What the Data Store Is (and Is Not)
A Data Store is a named, key-value collection of message entries that lives in your tenant's database (the same persistence layer that backs message processing). Each entry is identified by an Entry ID and holds a payload (and, optionally, the message headers). Entries have a lifetime governed by an expiration period, after which the platform's housekeeping job removes them automatically.
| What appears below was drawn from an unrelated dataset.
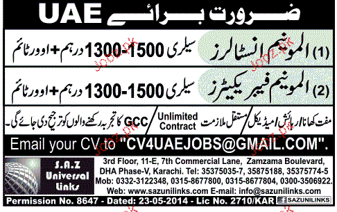 Aluminum Installers And Aluminum Fabricators Job Opportunity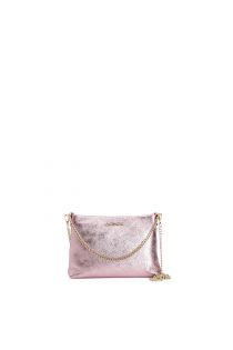 bolso de mano de piel laminada con bandolera de cadena pink

| It is good for… | It is not a substitute for… |
|---|---|
| Short-lived integration state (minutes to days) | A relational/business database |
| Idempotency keys for duplicate detection | High-volume transactional storage |
| Async hand-off between iFlows | Large-payload archiving |
| Holding messages for batch/scheduled processing | A queue with guaranteed ordering (use JMS for that) |
| Audit snapshots of a business payload | Long-term records of truth (use HANA, SFTP, Object Store) |
Typical use cases
| Use Case | Example |
|---|---|
| Store message payload | Save a request/response for later processing |
| Duplicate check | Store a document ID and check whether it was already processed |
| Retry handling | Park failed messages and reprocess them on a schedule |
| Async processing | Write data in one iFlow and read it in another |
| Audit / logging | Keep a business-payload snapshot for traceability |
How It Works Under the Hood
When a Write step executes, CPI serializes the current message body (and optionally the headers) and inserts a row into the tenant database, keyed by Data Store Name + Entry ID + Visibility. Read operations (Get, Select) deserialize entries back onto the message channel. Because these operations are database operations, they participate in the iFlow's transaction handler — so a rollback can undo a Write, and a committed transaction makes the entry durable.
Two properties shape almost every design decision:
- Visibility — whether the store is private to one iFlow or shared across the whole tenant.
- Expiration — how long the entry survives before automatic cleanup.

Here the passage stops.